Я поднялась к себе в комнату. Мамы уже не было слышно. Теперь я здесь абсолютно одна. О Лизи напоминали только её любимые книги Ремарка, которые негативно воспринимались моими родителями. После того происшествия моя мама не берет никакого участия в моём воспитании. Она только смотрит на меня и плачет. Мне кажется, во мне она видит Лизу. Мы с ней абсолютно не похожи были. У неё были длинные русые волосы, которые любили кучерявиться, я же шатенка с самыми прямыми локонами в мире. Она была высокой с большими темно-серыми глазами, маленьким носом и прямыми тонкими губами. Я всегда восхищалась её красотой и упорством. А единственная наша схожесть во внешности – это рост (172см.).

Я стояла перед зеркалом и вспоминала её образ. Какой она была, какой она могла быть. Расстегнув пару пуговиц рубашки, я приспустила левый рукав до локтя. На тыльной стороне руки чуть выше локтя было пару царапин. Они не кровоточили, а только неприятно жгли то место, где ещё недавно была моя кожа. Сегодня меня толкнули. Неудачно приземлилась. Со мной такое впервые. Я столкнулась с жестокостью и непониманием со стороны сверстников. Почему, когда кажется, что ты всё знаешь, что-то случается, а ты понимаешь, что абсолютно не готов. Не готов кричать, бежать, воевать за своё место. Ты просто наблюдаешь, как что-то что было рядом с тобой, превращается в пыль, в пепел, в отравленный воздух. Оно укутывает твоё горло, не дает дышать, смотреть, плакать. Оно просто давит где-то внутри, расползается по всему телу, венам, кишкам. И отравляет тебя изнутри. Так я вижу боль и ненависть, когда они оба существуют в одном сосуде.
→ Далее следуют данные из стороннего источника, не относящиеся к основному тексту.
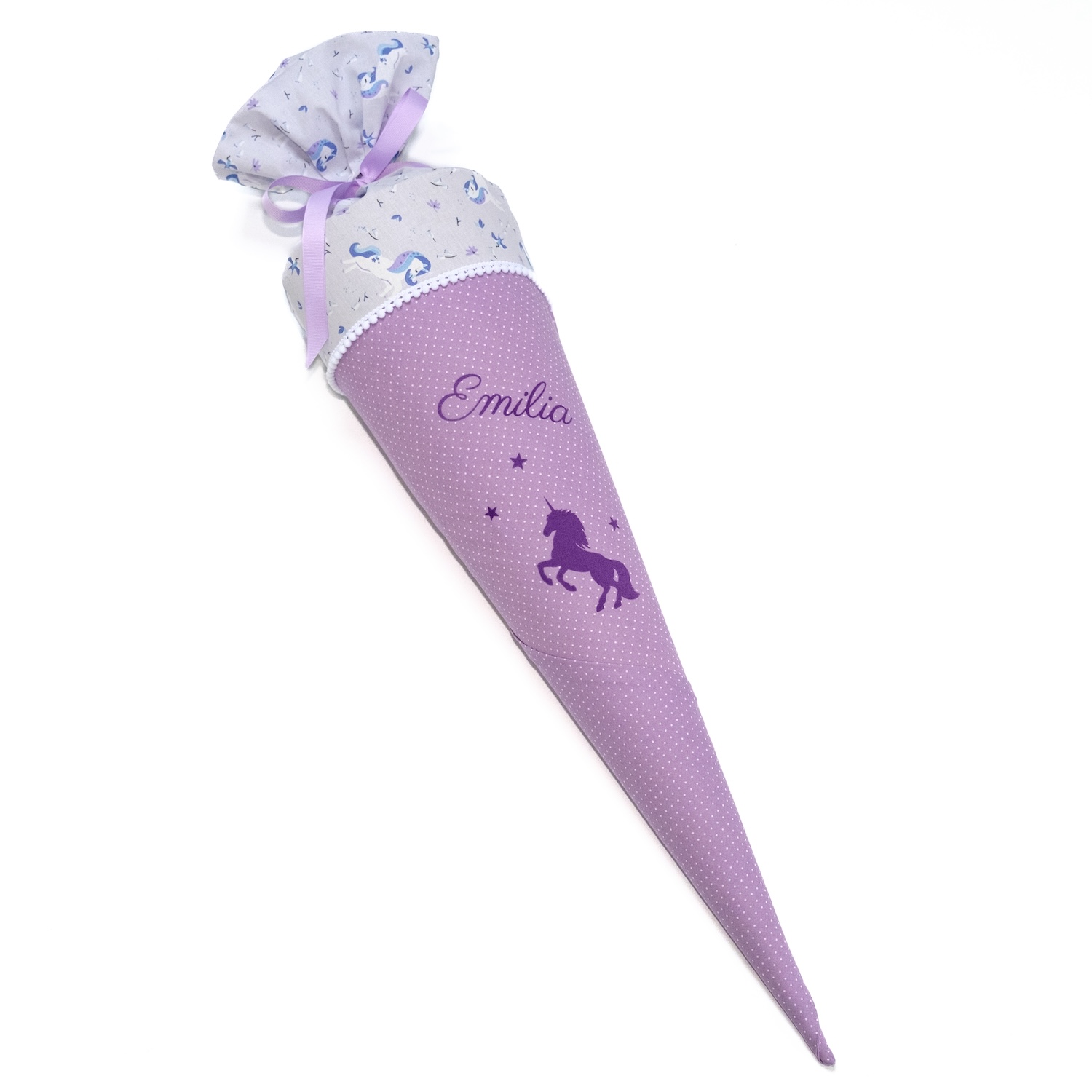 Willkommen in der Welt der Magie! Fröhliche Einhörner springen mit Blumen, Blättern und kleinen Vögelchen um die Wette. Ob ein weiteres Einhorn, wie auf dem Foto, oder ein anderes Motiv oder kein Motiv auf deiner Zuckertüte Platz finden soll, wählst du selbst aus! Einfach oben bei der Personalisierung deinen Wunschnamen, Datum und/oder Motiv angeben, und wir fertigen dir deine ganz persönliche Schultüte !

Я застегнула рубашку, заправила края в юбку и встала на колени перед большой деревянной иконой, что была прибита к стене над комодом. На ней была изображена Дева Мария с Младенцем на руках. Они были укутаны в святые одеяния, на которых по плечам были выгравированы белые кресты, а за их головами виднелись большие светлые нимбы. Я сложила ладошки на груди и опустила голову, закрыв глаза. Про себя я начала повторять молитву, что не закончила за столом. Дверь моей комнаты тихонько скрипнула. Отец заглянул увериться, что я не ослушалась его. Он простоял только какой-то краткий миг, как тут же дверь со скрипом закрылась. Я открыла свои глаза и посмотрела в сторону двери. Отец стоял у меня в комнате. Его осуждающий взгляд был устремлен прямо на меня. Я почувствовала, как участилось моё сердцебиение. Я не ожидала его увидеть, и он это понял.

– Грешники должны быть наказаны, ты согласна? – вдруг промолвил тот.
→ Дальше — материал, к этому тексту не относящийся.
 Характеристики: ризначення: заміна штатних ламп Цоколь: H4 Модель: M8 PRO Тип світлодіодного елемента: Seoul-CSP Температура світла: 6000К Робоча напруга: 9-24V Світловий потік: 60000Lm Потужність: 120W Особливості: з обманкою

– Да, – лаконично ответила я, даже не задумываясь над ответом.

– Твоя сестра согрешила, именно поэтому случилось то, что случилось, – как только это прозвучало с его уст, он вышел из моей комнаты.
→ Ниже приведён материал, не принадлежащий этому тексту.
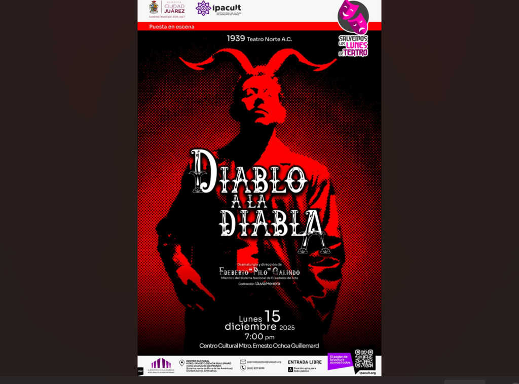 CD. JUAREZ, CHIH.- Como parte del programa Salvemos los lunes de teatro, el Instituto para la Cultura del Municipio de Juárez (IPACULT) invita a la ciudadanía a asistir a la función teatral “Diablo a la diabla”, que se presentará este lunes 15 de diciembre a las 7:00 de la tarde en el Centro Cultural Ernesto Ochoa Guillemard.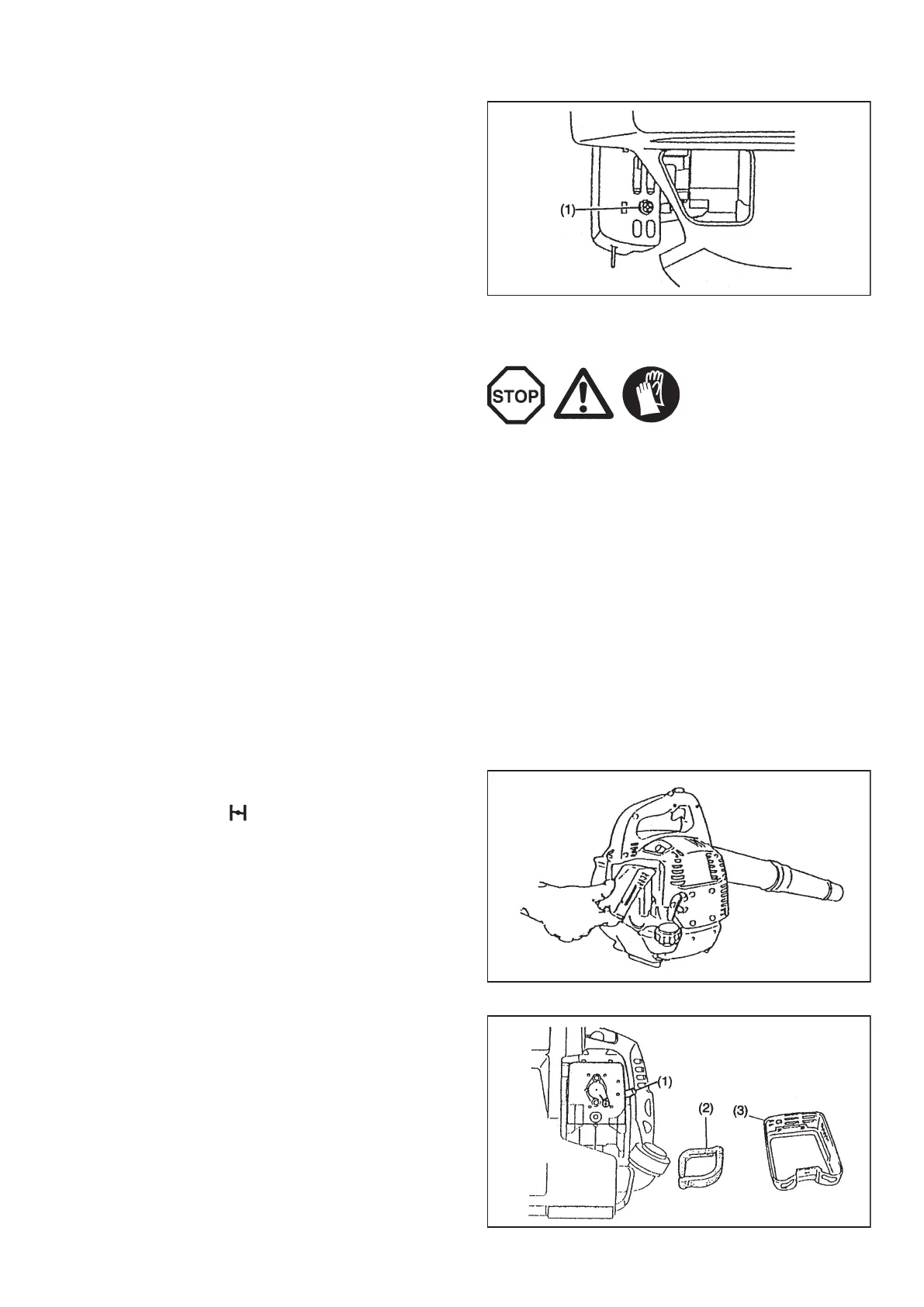 If engine stops while idling, turn the idle adjusting screw (1) clockwise

Я осталась сидеть на коленях, не опуская рук. Я сама застыла, как та икона: неподвижна и печальна. Слушая в церкви, что грешные люди будут наказаны, я начинала сомневаться, что хотя бы один из грешников был наказан. Складывалось впечатление, что каждый свой страшный грех они искупали минутной добротой, которую забывали через секунду. Я ждала семь месяцев, чтобы тот грешник, который такое сделал с моей сестрой, получил своё наказание, но за такое время даже не был найден сам грешник. В тот вечер он растаял, как дым. Исчез вместе со своей историей, жизнью, помыслом, который он вложил в мою сестру. После него осталось только молчание и холодное тело девочки, что просто хотела жить.